Building Blocks of Data Modeling

Entity:
- A thing about which data is stored; the basic building block.
Attribute:
- Describes an entity; singular and unique within the model.
Relationship:
- Describes the linkage between two entities, defined by relationship descriptors:
  - 1:1 (one-to-one)
  - 1:m (one-to-many)
  - m:m (many-to-many)
Identifier:
- Uniquely distinguishes an instance of an entity.

Quality of Data Models

Well-formed Data Model:
- All construction rules are obeyed.
- No ambiguity is present.
- All entities, attributes, and relationships are defined.
- Names are meaningful and understood by the client.
High Fidelity Image:
- Accurately describes the real-world it represents.
- Relationships are correctly established.
- Completeness and understandability are key.
- The model must make sense to the client.

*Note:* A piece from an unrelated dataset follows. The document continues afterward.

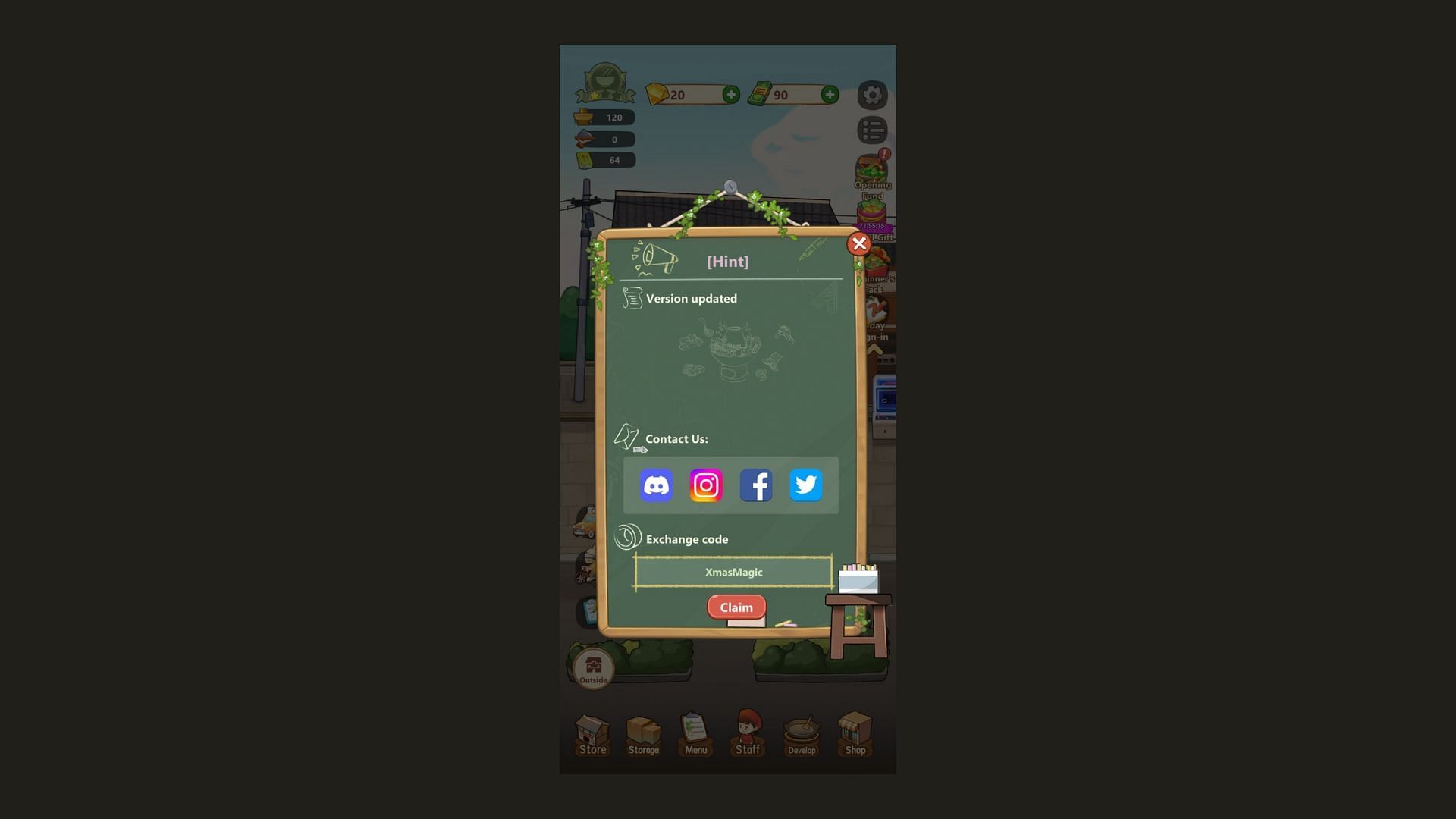 Code announcements are usually made through My Hotpot Story's Facebook, Twitter, and Instagram pages. New codes are also released within the game through banners and notifications.

Quality Improvement Considerations

Assess:
- Level of detail of the model.
- All exceptions must be handled.
- Overall accuracy of the model.

Modality & Cardinality

Modality:
- Also known as optionality; defines the minimum number of instances in a relationship.
Cardinality:
- Indicates the range of instances in a relationship.
- Links with modality.
Cardinality Examples:
- 0,1: Optional (zero or one instances)
- 0,n: Zero or many instances
- 1,1: Mandatory (exactly one instance)

Types of Entities

Independent:
- Can stand alone; often prominent in the client's mind.
Dependent:
- Relies on another entity for existence and identification.
- Can become independent with an arbitrary identifier.
Associative:
- Results from m:m relationships; holds current or historical data.
Aggregate:
- Formed from multiple entities with a common prefix or suffix.
Subordinate:
- Entity data that varies among instances.

Generalization

Describes a relationship between more general and more specific elements.
- For each subtype, the primary key must represent the supertype's key as a foreign key.

UML Aggregation Concepts

Aggregation:
- A part-whole relationship.
- Shared Aggregation:
  - Enables multiple entities to own the same entity.
- Composite Aggregation:
  - One entity exclusively owns the other.

Hints on Data Modeling

The model may expand and contract; include identifiers when necessary.
Ensure identifiers have a singular purpose—identification.
Create attributes when instance ordering is required.
Choose names carefully; be aware of synonyms and homonyms.
Maintain clarity by labeling relationships and ensuring data model accuracy.

Meaningful vs Non-Meaningful Identifiers

Meaningful Identifiers:
- Draw inferences about entity attributes; can be recognizable.
- Advantages: Easy to remember;
- Disadvantages: Can lead to identifier exhaustion as realities change.
Non-Meaningful Identifiers:
- Serve the sole purpose of uniquely identifying the entity; avoid data management issues.
- Attributes describe characteristics of the entity.

Key Takeaways

A high-fidelity data model handles all exceptions.
Identifiers only need to distinguish an instance.
Data modeling skills develop over time.